Data block:
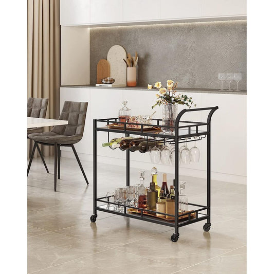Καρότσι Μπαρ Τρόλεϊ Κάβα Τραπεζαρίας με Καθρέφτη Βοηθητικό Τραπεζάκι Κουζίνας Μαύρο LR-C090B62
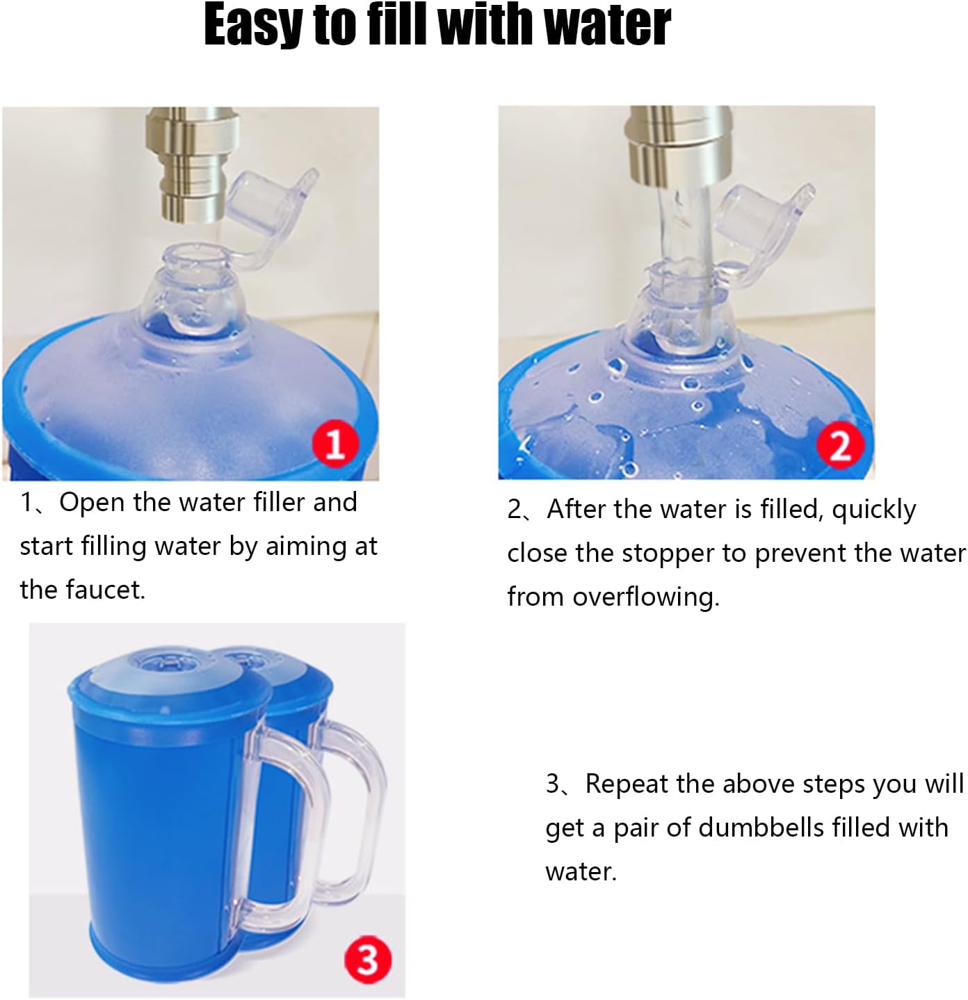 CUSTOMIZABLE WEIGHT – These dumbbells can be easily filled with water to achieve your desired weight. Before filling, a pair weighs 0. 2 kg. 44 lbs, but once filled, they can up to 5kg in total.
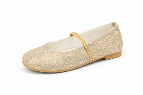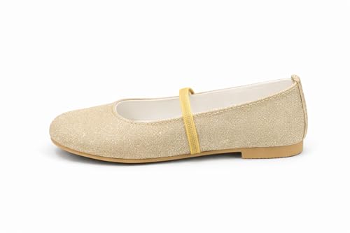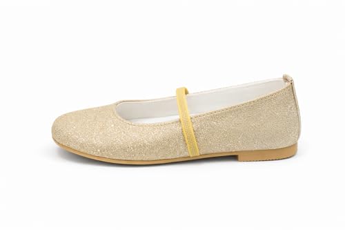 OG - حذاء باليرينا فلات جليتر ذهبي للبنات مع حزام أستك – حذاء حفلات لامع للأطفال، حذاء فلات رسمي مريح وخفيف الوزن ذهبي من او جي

Task to complete: From the material above, reproduce everything verbatim except the pictures.

Exercise output:
Καρότσι Μπαρ Τρόλεϊ Κάβα Τραπεζαρίας με Καθρέφτη Βοηθητικό Τραπεζάκι Κουζίνας Μαύρο LR-C090B62
 CUSTOMIZABLE WEIGHT – These dumbbells can be easily filled with water to achieve your desired weight. Before filling, a pair weighs 0. 2 kg. 44 lbs, but once filled, they can up to 5kg in total.
 OG - حذاء باليرينا فلات جليتر ذهبي للبنات مع حزام أستك – حذاء حفلات لامع للأطفال، حذاء فلات رسمي مريح وخفيف الوزن ذهبي من او جي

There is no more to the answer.